Silverstone continúa en el calendario de Fórmula 1 con un lavado de cara genuino de más de 700 metros que lo ha convertido en el circuito con la velocidad media más alta del Mundial, superando incluso al Templo de Monza. No se han mejorado las zonas para adelantar, pero el resultado ha sido un trazado revirado y rápido que dejará muchas emociones durante los próximos diecisiete años.
Hace poco más de setenta años, los legendarios Spitfire de la Royal Air Force, los cazas de la Corona británica, se enfrentaban a la todo poderosa Luftwaffe. Con el papel de segundones frente a la potencia aérea nazi, los caballeros ingleses se echaron al cielo con más pasión que armas desde el aeródromo de Silverstone, pero pronto sus pilotos consiguieron entender las ventajas de los ágiles Spitfires y la aviación nazi acabó sucumbiendo bajo las aguas del Canal de la Mancha. Winston Churchill diría por aquella época su celebre frase: “los hombres que no conocen su historia están condenados a repetirla”. En pleno siglo XXI, un equipo austriaco, Red Bull, parece necesitar urgentemente clases de historia.

Todo comenzó durante los entrenamientos libres del sábado. Los ingenieros de Red Bull colocaron mal el alerón delantero de Vettel y éste se desprendía de su monoplaza dejándolo inútil para el resto del fin de semana. El equipo sólo llevaba dos alerones, uno para Webber, y otro para el alemán. Y ni corto ni perezoso, Horner decidía que el alerón de Webber fuese montado en el monoplaza de Vettel, argumentando que baby Schumi estaba mejor colocado en el Mundial de pilotos. Como era de esperar, el australiano se tomó esto mal, muy mal, y llegó a declarar que de saber que sería el segundo piloto de la escudería, jamás hubiera firmado la renovación con Red Bull. Al final, después de estar todo el fin de semana por delante de su compañero, clasificaba segundo con el alerón viejo.

Webber tenía ganas de revancha, muchas ganas. Salía por la parte sucia, que a priori es la que tiene una adherencia menor, lo que suponía una desventaja. Pero cosas de la Fórmula 1, resultó que era la zona buena pues todo el fin de semana, en todas las competiciones que se habían disputado ya en el remodelado Silverstone, los pilotos que partían de dicha zona salían mejor. Y Webber no fue una excepción. Arrancó de forma agresiva, pero totalmente limpia, y obligaba a su compañero de equipo a tomar la escapatoria, acción que le valió al alemán un pinchazo que lo relegaba a las últimas posiciones. Webber terminó ganando la carrera, y como en la famosa Batalla de Inglaterra, demostraba que los segundos son una etiqueta que ponen los que se creen primeros. Sus irónicas palabras por la team radio cuando su equipo le felicitaba por la victoria lo decían todo: “no está mal para un segundo piloto”.

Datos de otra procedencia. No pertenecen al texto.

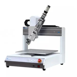 This is a 30cc hot melt adhesive dispensing machine. It works with one-piece aluminum casted Cartesian robot body, it is strong structure and stable operation. The machine has compacted, but with bigger working range, 380x380x100mm XYZ. The dispenser equips with ceramic heating barrel, and one pre-heater for effectively and efficient work. The heating controller works with a digital temperature control, can be accurately controlled to ± 1 ℃. This is professional, heavy-duty industrial adhesive fluid, glue automated desktop dispensing machine. Besides 30cc packaged hot-melt dispensing machine, we also provide different volumes of hot-melt dispensing system, such as 100cc, 10 liters and others.

Pero las decisiones absurdas del equipo Red Bull no desmerecen el carrerón que se marcó Vettel, que acabaría séptimo después de una remontada espectacular, que pudo ser aun mayor de no encontrarse en su camino al Force India de Sutil. Y es que la escudería india ha realizado un fabuloso trabajo desde que se limpiasen los apéndices de los monoplazas el año pasado, consiguiendo un coche casi insuperable en recta, como ya demostraron el año pasado en Monza y Spa. Chapó para Vettel, y para Sutil también, pese a que fue el culpable de que nos quedásemos sin Pedro cuando luchaba por puntos.

Por su parte, Alonso tuvo otro fin de semana aciago. Realizó una salida penosa, derrapando tanto que Kubica y Rosberg le pasaban sin mayores problemas. Se ponía sexto, justo por delante de Massa. El brasileño presionó, pero sin fortuna, pues un toque con el asturiano le pinchaba el neumático y le obligaba a cambiar. Alonso siguió presionando a Rosberg, pero antes de que pudiera adelantarlo, éste pasaba a Kubica y dejaba al asturiano tras su antigua escudería. Entonces sucedió todo el lío que acabaría con Alonso sancionado y relegado a las últimas posiciones.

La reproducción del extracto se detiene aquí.